Capítulo 18- Final

Año 1835

Carta de Josefa para Fernando

A mi amado esposo:

Gracias por cambiarme la vida, sin haberme cambiado a mí. Por haber formado una familia conmigo, por haberme entregado amor y respeto. He sido la mujer más afortunada por haberte conocido y, por haberte entregado mi corazón.

Se que dijiste que no me guardarías rencor, si yo volviese a comenzar de nuevo. Se que dijiste que no me culparías, sin embargo, esa carga que llevo sobre mí, al sentirme una mujer impura, indigna de tu amor, la llevaré por siempre conmigo. Pero quiero que sepas que te pido perdón ahora, te pediré perdón mañana, y lo seguiré haciendo en otra vida. Porque mi corazón fue tuyo, desde la primera mirada que cruzamos, desde el primer beso que nos dimos, desde la primera caricia que nos ofrecimos.

Recuerdo muy bien el primer día que te conocí, y no me refiero al día que llegaste a la casa de mis padres, sino a aquel día, cuando te vi entrar en la Catedral, acompañado de tu madre y de tu hermana, con tu camisa de ao po'i, con tu frac, tus botas negras, y tu elegancia de hombre aguerrido. Escondí mi mirada en el velo de mi túnica, para que no te dieras cuenta de que una muchachita, como lo era en ese entonces, se encontraba admirándote a lo lejos.

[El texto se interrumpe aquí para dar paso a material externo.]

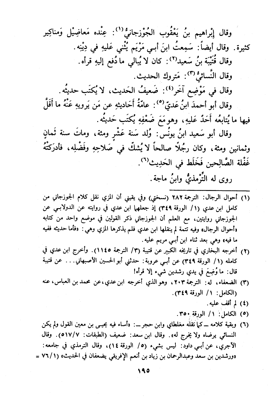 (1) أحوال الرجال: الترجمة 282 (نسختي) وفي يقيني أن المزي نقل كلام الجوزجاني من كامل ابن عدي (1 / الورقة 349) إذ جعلهما ابن عدي في روايته عن الدولابي عن الجوزجاني روايتين، مع العلم أن الجوزجاني ذكر القولين في موضع واحد من كتابه"أحوال الرجال"وفيه تتمة لم ينقلها ابن عدي فلم يذكرها المزي وهي: فأما حديثه ففيه ما فيه"وهي بعد ثناء ابن أَبي مريم عليه.
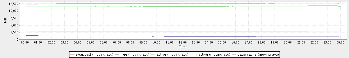 avg(swapped) = 0.20 avg(free) = 1134.89 avg(active) = 11550.79 avg(inactive) = 2844.06 avg(page cache) = 12598.01

Pero la vida se encargó de unirnos, y de nuestro matrimonio surgió el vínculo más precioso, del cuál nacieron las joyas más valiosas de nuestras vidas, nuestros hijos. Y agradezco a Dios por eso, todos los días. Por la misa razón, he procurado mantenerme fuerte, sin dejar de luchar, sin dejar vencerme.

Esta es la primera vez que me atrevo a escribir una carta, con la ilusión de que alguna vez, estas líneas, lleguen a tus manos, para que sepas cuanta me falta me haces, cuanto te he querido y cuanto seguiré amándote. Porque solo en tus brazos fui inmensamente feliz, y se nunca más volveré a sonreír como lo hacía a tu lado.

La palabra amor, es poco para demostrarte cuanto yo siento, pero estoy segura de que algún día, el destino me permitirá decírtelo de frente. Que tal vez el cielo se encargue de juntarnos nuevamente, y nos de la gracia de poder seguir nuestro camino, tomados de la mano.

Aún me cuesta creer que no estes a mi lado, que tu ausencia no me acerca cada día un poco más, a la muerte. Y que mi cobardía se ha encargado de enterrar, lo que un día juramos ante el altar. Solo pido le pido a Dios, que me de las fuerzas necesarias para sobrevivir a tu ausencia, un día más. Porque lo nuestro es hasta siempre.

Con amor, tu esposa, Josefa.

1835 – 23 de Agosto

Un grupo de reos estaba siendo alistado para el fusilamiento, llevado a cabo por soldados paraguayos, bajo las ordenes del dictador supremo. Eran aproximadamente las once de la mañana cuando Francia, había decidido acabar de una vez por todas, con el sufrimiento de esos hombres. Entre ellos se encontraba Fernando de la Mora, que ya tenía unos cincuenta años, pero ya no era ni la sombra de lo que alguna vez fue.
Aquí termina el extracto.